## DATASET SECTION
========

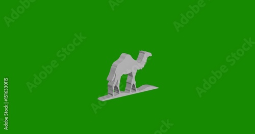 © Alexey, Obraz premium Isolated realistic white wild camel symbol front view with shadow. 3d illustration on green chroma key background
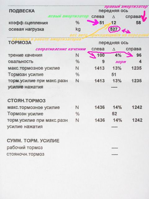 Итак Подвеска Первые показания по работе амортизаторов правого и левого переднего колеса. Вроде ще в норме, средняя цифра - разница между амо - допустимая. Нагрузка на ось - вес, приходящийся на передок.
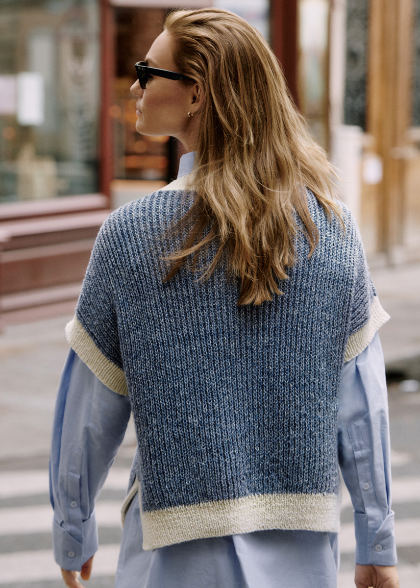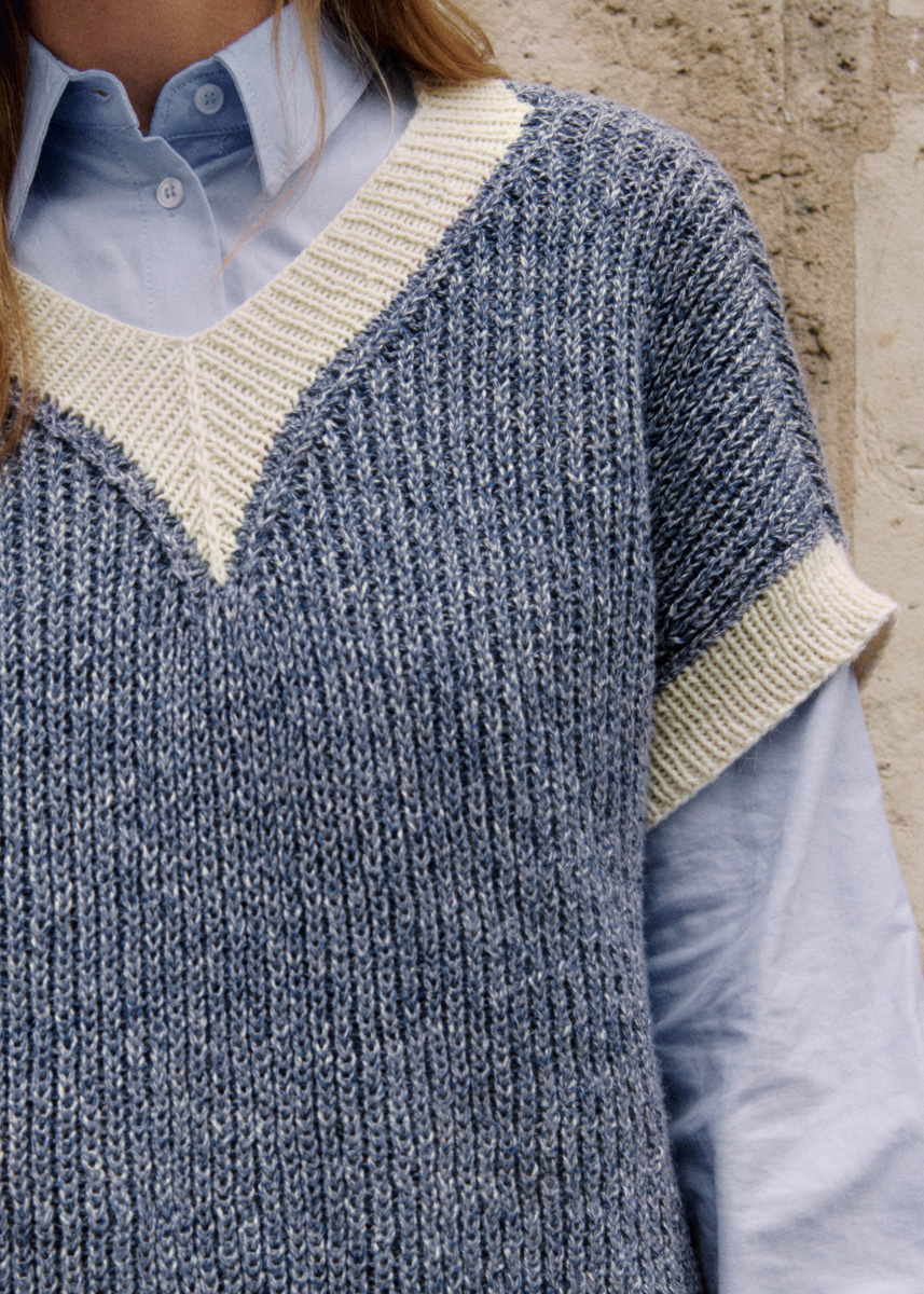 Lana Grossa-Qualität „Cara“ (57 % Alpaka (Baby), 33 % Baumwolle, 10 % Schurwolle (Merino), LL = ca 120 m/50 g): ca 400 (400 - 450 - 500) g Marine (Fb 21) und ca 150 (150 - 200 - 250) g Rohweiß (Fb 1); Stricknadeln Nr 3 und Nr 3,5; 1 kurze Rundstricknadel Nr 3.
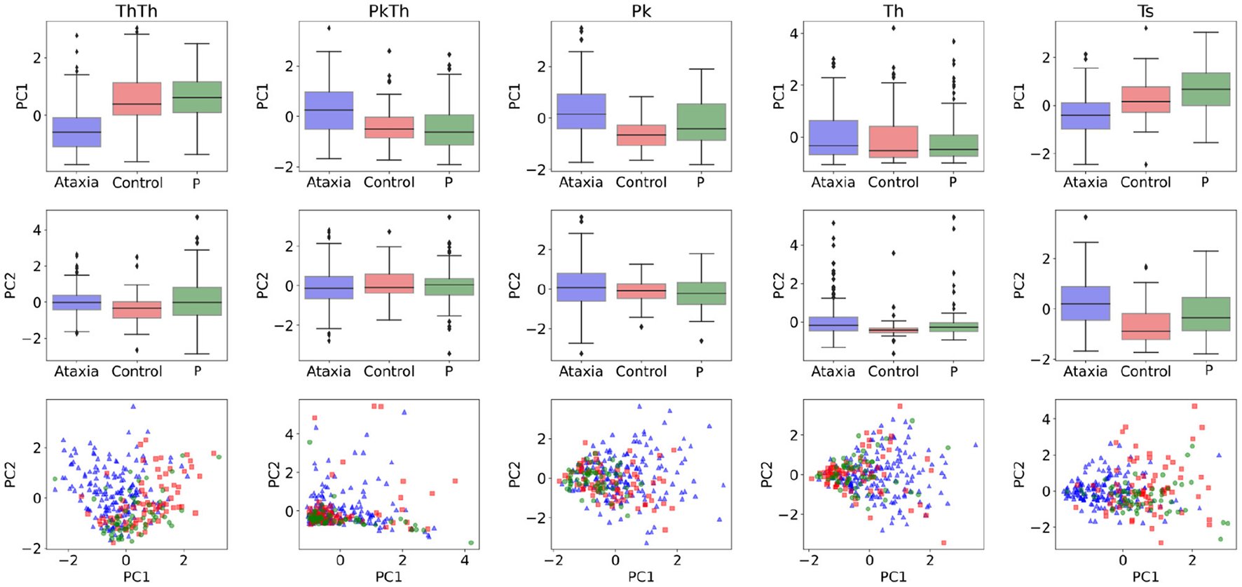 In order to understand the general feature categories that contributed to model performance, on Figure 4 first two rows feature group box plots for the first and second PC representing the mean and quartiles of their distributions. Although the models are multivariate, individual visual inspection of the groups provide a sense of their discriminative power. This can be noted with the first PC of the Th-Th where the mean of the ataxia group is lower compared to the other groups. On Figure 4 row 3, the first two principal components are represented in a scatter plot. The separation between groups becomes more evident, with the ataxia group being spatially more separated than parkinsonism and controls, and explains the higher performance of the models in detecting ataxia.

========

## EXERCISE
Each line above should be written out again exactly, without any image.

## WRITTEN ANSWER
 © Alexey, Obraz premium Isolated realistic white wild camel symbol front view with shadow. 3d illustration on green chroma key background
 Итак Подвеска Первые показания по работе амортизаторов правого и левого переднего колеса. Вроде ще в норме, средняя цифра - разница между амо - допустимая. Нагрузка на ось - вес, приходящийся на передок.
 Lana Grossa-Qualität „Cara“ (57 % Alpaka (Baby), 33 % Baumwolle, 10 % Schurwolle (Merino), LL = ca 120 m/50 g): ca 400 (400 - 450 - 500) g Marine (Fb 21) und ca 150 (150 - 200 - 250) g Rohweiß (Fb 1); Stricknadeln Nr 3 und Nr 3,5; 1 kurze Rundstricknadel Nr 3.
 In order to understand the general feature categories that contributed to model performance, on Figure 4 first two rows feature group box plots for the first and second PC representing the mean and quartiles of their distributions. Although the models are multivariate, individual visual inspection of the groups provide a sense of their discriminative power. This can be noted with the first PC of the Th-Th where the mean of the ataxia group is lower compared to the other groups. On Figure 4 row 3, the first two principal components are represented in a scatter plot. The separation between groups becomes more evident, with the ataxia group being spatially more separated than parkinsonism and controls, and explains the higher performance of the models in detecting ataxia.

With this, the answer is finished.